Наверное, это ужасно — восторгаться убийством, какими бы ни были обстоятельства. Однако сразу же стало очевидно, что, хотя пуля на своем пути здорово изуродовала Красного Техасца, смерть ему в обозримом будущем не грозила, ведь Рейнджер провернул трюк героев ковбойских фильмов пятидесятых: выбил оружие из рук противника, как это несчетное число раз проделывали Хоппи, Паладин и Крис Кольт, после чего плохие ребята хватались за окровавленные руки и трясли ими.

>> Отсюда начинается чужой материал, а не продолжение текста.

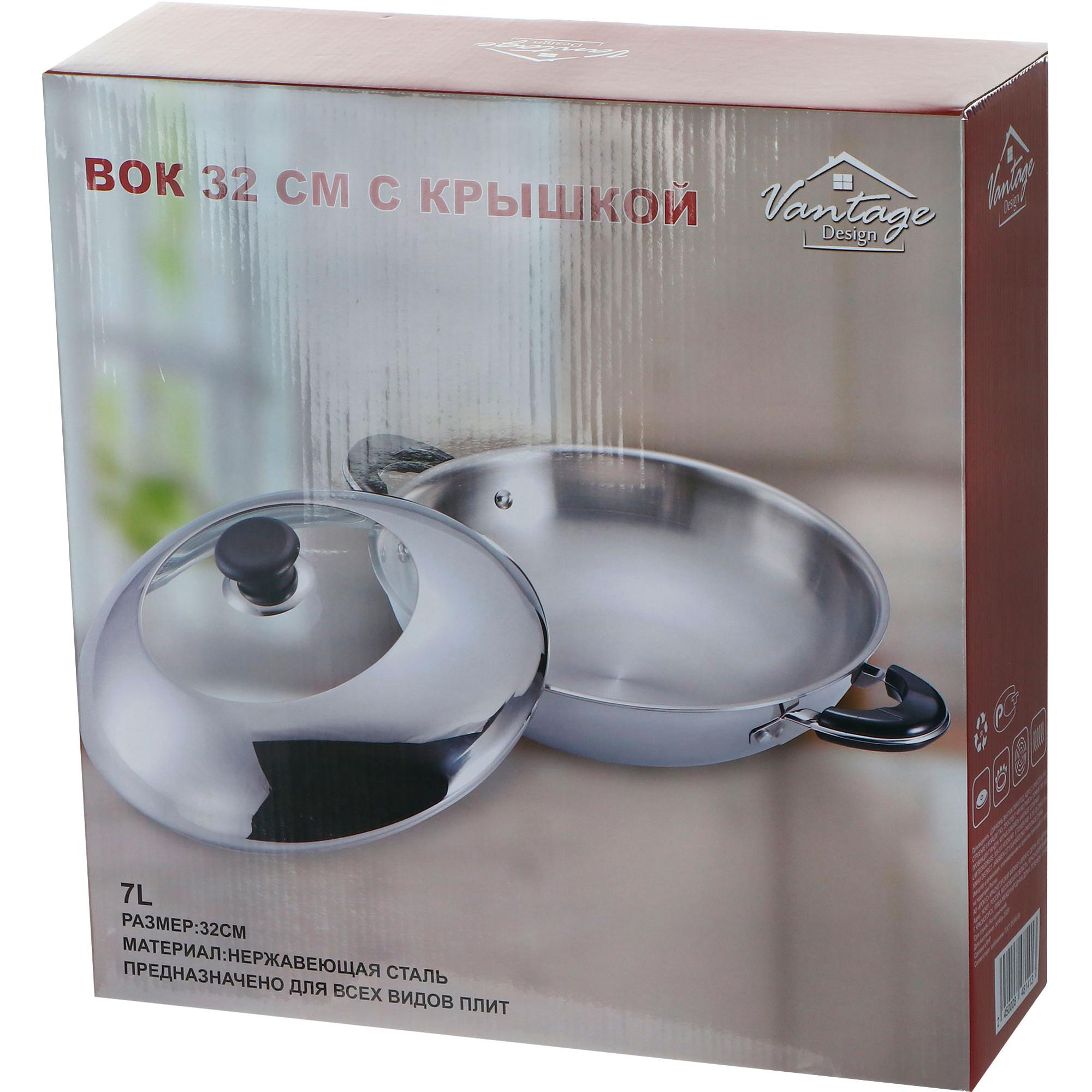 Вок бренда Vantage изготовлен из нержавеющей стали, благодаря чему, несмотря на высокий уровень прочности и долговечности, он легок и не требует особого ухода. Трехслойные толстые стенки и дно с внутренней прослойкой из алюминия гарантируют отсутствие деформации и сильного перегрева. Стальная крышка со стеклянной вставкой и пластиковые держатели в ручках добавляют эргономичности и удобства во время готовки.

Техасец катался по земле, вопя от боли, и тут стало ясно, чем отличалась эта конкретная вариация заезженной темы: Рейнджер оторвал скорее не револьвер от руки, а руку от револьвера. Пуля попала в лучевую кость и ушла вниз, выбивая револьвер в одну сторону, а три пальца правой руки — в другую. И теперь изувеченная культя исторгала алый поток, который нельзя было увидеть в фильмах пятидесятых.
Убрав револьвер в кобуру, Рейнджер подошел к лежащему противнику. Красный Техасец зажимал изуродованную руку, словно надеясь ладонью остановить кровотечение, но, подняв взгляд на победителя, съежился и отполз назад, стиснутый клещами страха. Рейнджер подождал, пока побежденный посмотрит ему прямо в глаза.
— Кто ты такой? — спросил Техасец, щурясь от прямого солнца, превратившего его противника в черный силуэт.
— Ты прекрасно знаешь, кто я. Просто ты думал, что я тебя не достану. Но я могу достать кого угодно. Я — снайпер.